The present invention relates generally to phase locked loop circuits, and in particular, to a circuit for calibrating an LCPLL.
On-chip transmitters and receivers typically use PLLs (phase locked loops) to generate accurate clocks for transmitting and receiving data. With ever increasing data transfer rates, PLLs capable of generating accurate, high frequency clocks, e.g., in the ones or even tens of Giga Hertz magnitudes may be needed. LCPLLs (inductor capacitor PLLs), which may use inductor capacitor voltage controlled oscillators (LCVCOs), capacitive controlled tank oscillators, or other oscillators, may be used to deliver such high frequency clocks. Unfortunately, an oscillator (e.g., VCO) in an LCPLL typically has a limited tuning range. To address this, LCPLLs have used automatic frequency control (AFC) techniques to calibrate oscillator settings to conform about an operable control voltage range.
FIG. 1 shows a portion of an LCPLL with a conventional AFC implementation. The PLL loop portion includes a phase frequency detector (PFD), a charge pump (CP), and a low-pass filter (LPF), represented in block 106, and an LCVCO 108 (feedback path not shown for brevity). The PLL operates to generate an output clock (VCO Clk) that accurately tracks an input reference clock (Ref_Clk) using negative feedback to adjust the LCVCO based on a measured difference (or error) between the Ref_Clk and Fb_Clk, a signal fed back from the VCO Clk output. (For convenience, the path from VCO Clk to Fb_Clk is not shown, but VCO Clk is coupled back to Fb_Clk, either directly or indirectly via one or more other circuit blocks.)
The AFC portion includes frequency detector 102, calibration logic 104, and calibration voltage (Vmid) 110, coupled as shown. It typically runs once at power-up to calibrate the VCO frequency to be close to the target reference clock frequency. Initially, in the calibration mode, the “Cal” pathway switch is closed to apply a fixed voltage (Vmid) as the control voltage (Vctl) to the LCVCO. The LCVCO 108 includes a bank of capacitors that may be engaged or disengaged in different combinations, as set by the digital CapSel[N:0]input. This provides a range of adjustable capacitance values that correspond to an output frequency range. During calibration, the calibration logic 104 functions, based on the fixed Vmid control voltage, to adjust the capacitor value, as set by CapSel[N:0], so that the VCO Clk center frequency is sufficiently close to a target operating frequency (as set by Ref13Clk). Vmid, as implied by its name, is typically set to be in the middle of the operating control voltage (Vctl) range so that a sufficient degree of adjustability is available during PLL operation.

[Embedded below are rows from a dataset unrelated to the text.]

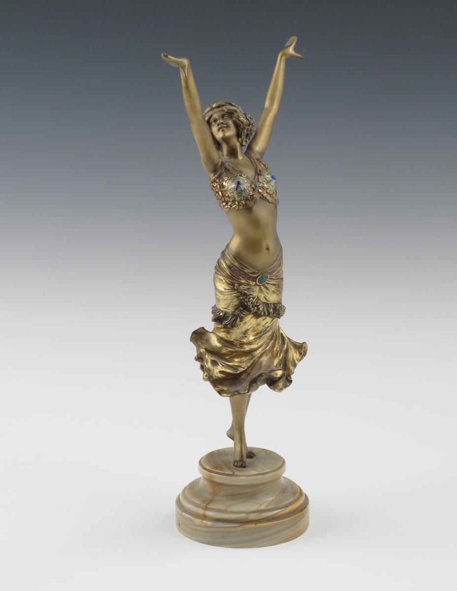 'Radha' a gilt patinated bronze of an exotic dancer cast from a model by Paul Philippe
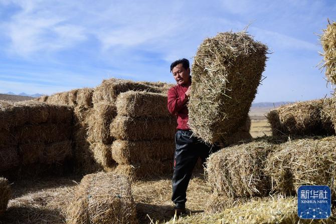 1月9日,在青海省海北藏族自治州門源回族自治縣皇城蒙古族鄉(xiāng)馬營村,牧民準備牧草喂羊。新華社記者 張龍 攝
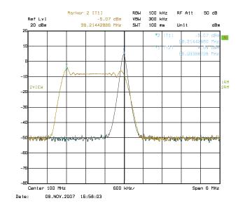 另一種可行解決方案是使用展頻振蕩器(Spread Spectrum Oscillator),來降低系統(tǒng)輻射出來的EMI電磁輻射干擾。圖4則顯示一個單頻信號的頻譜圖以及對該信號展頻后的頻譜圖。從圖中可知展頻后的頻率信號如何降低原來在接近100MHz的峰值。
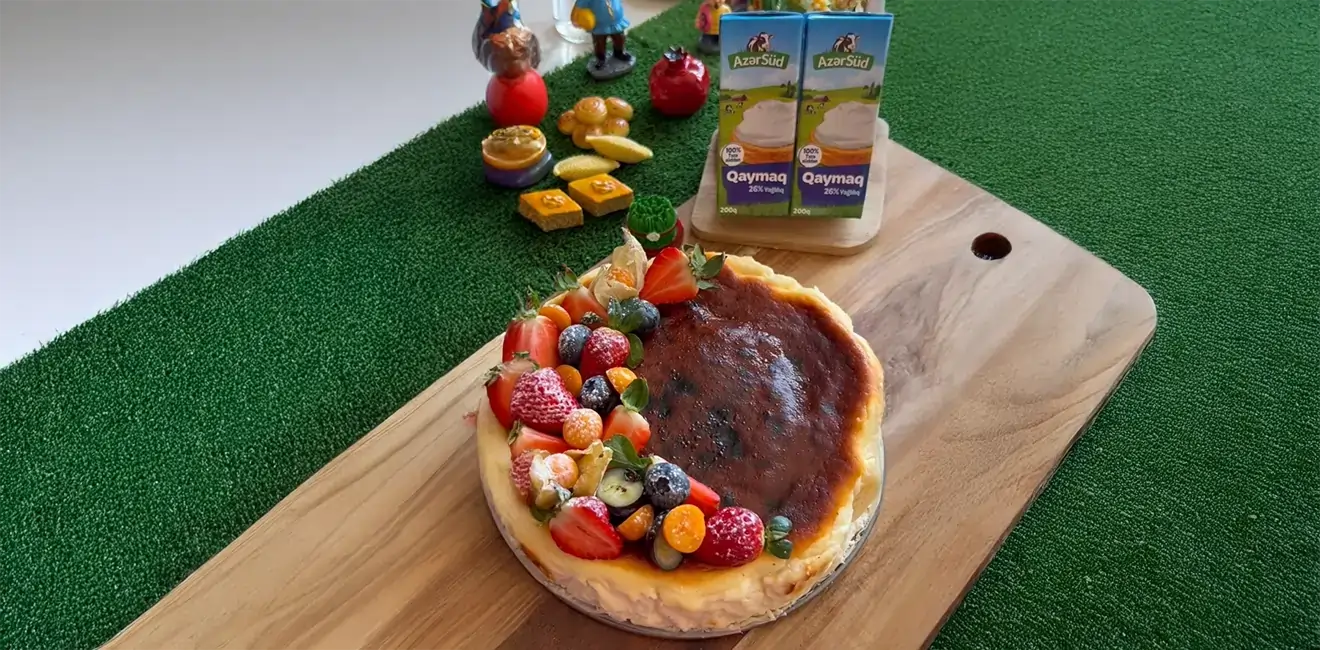 1. Bütün ərzaqların otaq temperaturunda olmasına diqqət edin. 2. Sobanı 200 dərəcəyə qədər əvvəlcədən qızdırın. 3. Cheesecake üçün istifadə edəcəyiniz qəlibi yağlı kağızla döşəyin. Kağız qəlibin kənarlarını bir qədər aşmalıdır. 4. Böyük bir qabda krem pendiri və şəkər tozunu birləşdirin. Mikserlə aşağı sürətlə çırparaq krem kimi hamar bir qarışım əldə edin. 5. Yumurtaları bir-bir əlavə edərək hər dəfə yaxşıca qarışdırın. 6. Qarışığa qaymaq və vanili əlavə edin. Mikserlə yavaşca qarışdırın ki, qarışım hamar qalsın. 7. Ələnmiş unu qarışıma əlavə edib mikserin aşağı sürəti ilə qarışdırın. Hamar və axıcı bir konsistensiya əldə etdikdə qarışım hazırdır. 8. Hazırladığınız qarışımı yağlı kağızla örtülmüş qəlibə tökün. Qarışımın səthi düz olmalıdır. 9. Cheesecake-i əvvəlcədən qızdırılmış sobada 200 dərəcədə 27 dəqiqə bişirin. Cheesecake-in üstü qızılı-qəhvəyi rəng almalı, amma ortası bir qədər titrək qalmalıdır. 10. Cheesecake sobadan çıxdıqdan sonra tam soyumasını gözləyin. Daha sonra onu ən azı 4-5 saat, ideal halda bir gecəlik soyuducuda saxlayın. 11. Cheesecake-i qəlibdən çıxarın, dilimlərə ayırın və servis edin.

After AFC completes, the PLL is allowed to lock normally. Unfortunately, the VCO may have an undesirable temperature coefficient, which causes the VCO frequency to change with temperature for a fixed control voltage value. Due to this, the PLL control voltage (Vctl) during lock will change as temperature changes. For a large enough temperature change, if the VCO temperature coefficient is large, the control voltage can become too low or too high for the PLL to stay locked. Even if the change isn't large enough to cause the PLL to lose lock, the control voltage change may still cause the PLL bandwidth or jitter to fall out of spec as the temperature changes.
Accordingly, new solutions may be desired.